The mining of non-ferrous metals in Upper Silesia likely began around 2,500 years ago. The oldest lead objects found in this area date back to 700–400 BCE. Mining in Upper Silesia is also mentioned by the Roman historian Tacitus in the 1st/2nd century CE. The oldest written document directly referring to metal mining in this region is a papal bull issued by Pope Innocent II on 7 July 1136. Since then, the industry has undergone gradual development, with a period of decline between the mid-16th and mid-18th centuries caused by technical problems. The depletion of the most easily accessible, shallow fields necessitated the extraction of deeper deposits, which in turn required increasingly efficient mine drainage systems. The gravity-based mine dewatering systems and pumps driven by horse engines used until then proved to be inefficient. When the Prussian King Frederick II occupied Upper Silesia in 1742, nothing remained of the previously thriving ore mining industry.
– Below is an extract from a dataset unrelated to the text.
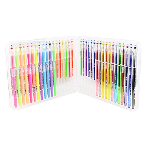 - Feature : 36pcs/box. ONE BOX vibrant colors including: 12 neon, 12 Glitter, 12 Pastel / Writing Point: Neon 0.8mm, Pastel 0.8mm, Glitter 1.0mm / Free-flowing ink provides smooth, crisp application / Great pens to sketch, draw, color, write greeting cards, party invites,letters to friends and family, arts and crafts, decoration / Package Includes: 72pcs pens + 1pcs green or ocean blue silicone bracelet (Note: The bracelet's colors of gifts will be random shipments)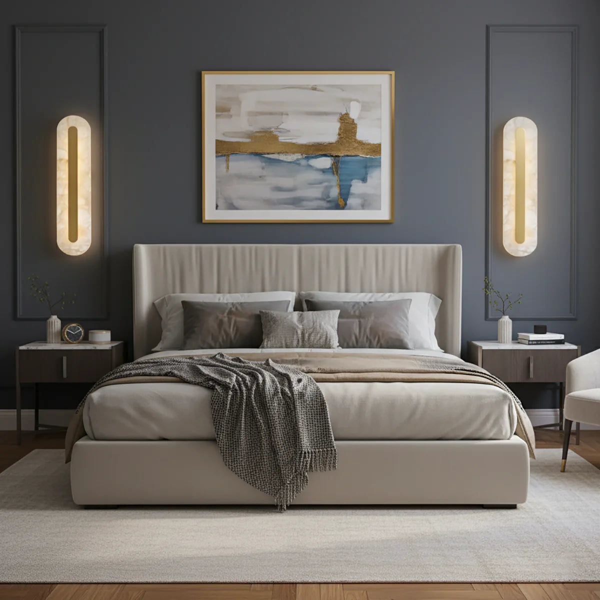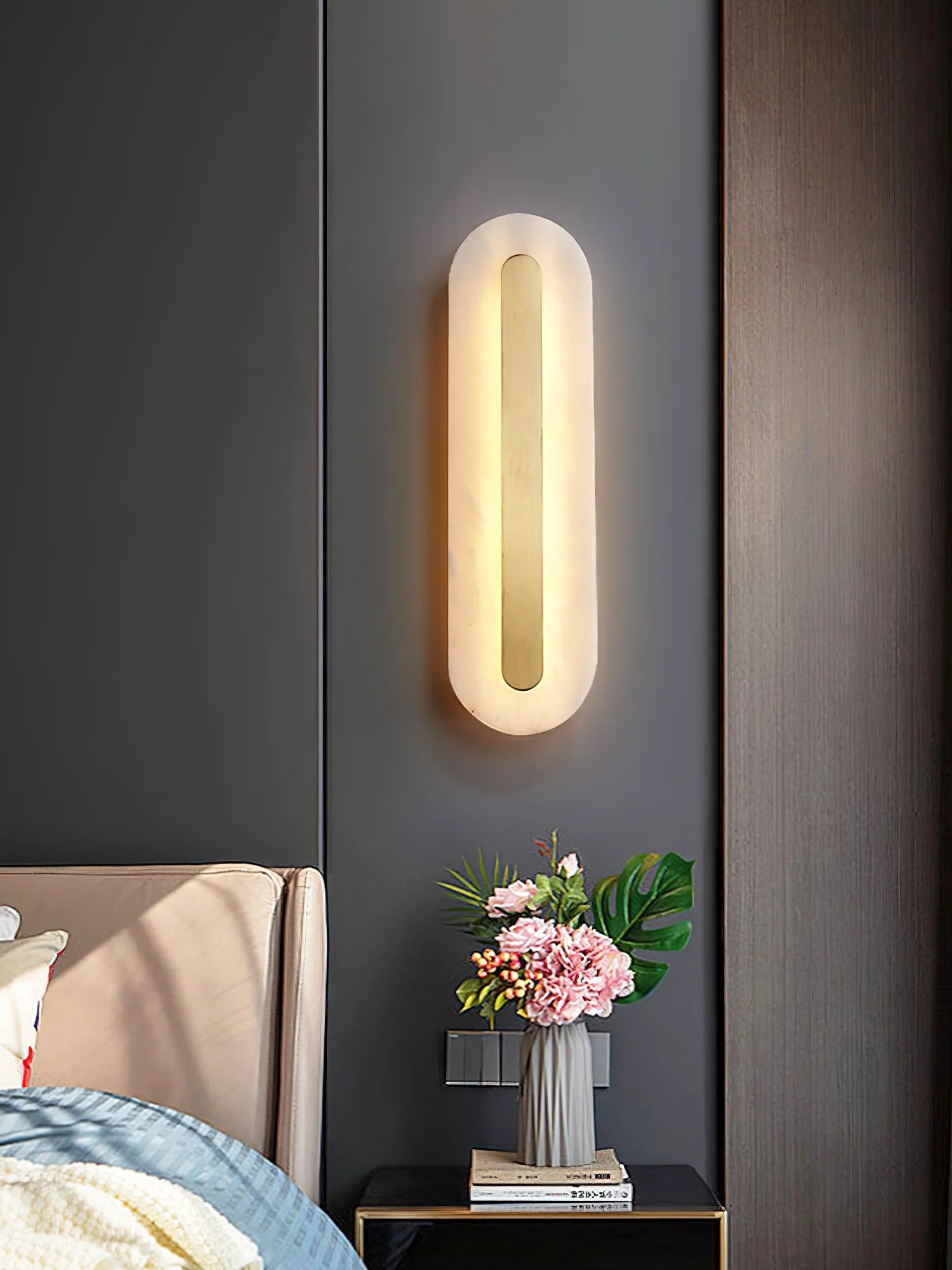 Elevate your ambiance with the understated charm of the Alabaster Gold Oval Wall Light. Carved from natural alabaster and framed with a sleek golden accent, this minimalist sconce radiates a warm, soothing glow—perfect for crafting a peaceful retreat in any room. Whether mounted vertically or horizontally, its versatile oval silhouette adds both function and refined beauty to your walls.

A renewed increase in metal ore extraction occurred in the second half of the 18th century thanks to the Prussian authorities, increased demand for lead (for ammunition production), and, above all, the invention of steam engines, whose use for dewatering mine workings made it possible to overcome previously insurmountable problems. The first steam engine (imported from the United Kingdom, specifically from Wales) was installed in 1788 at the Royal Friedrich Mine, the present-day Historic Silver Mine in Tarnowskie Góry.

Around the mid-19th century, the ore deposits in Tarnowskie Góry began to deplete, and the local mines were gradually closed (the last ones in the 1930s), while new ones were opened in the Bytom area. Among others, the Bleischarley mine was established around 1860, later known as Orzeł Biały mine.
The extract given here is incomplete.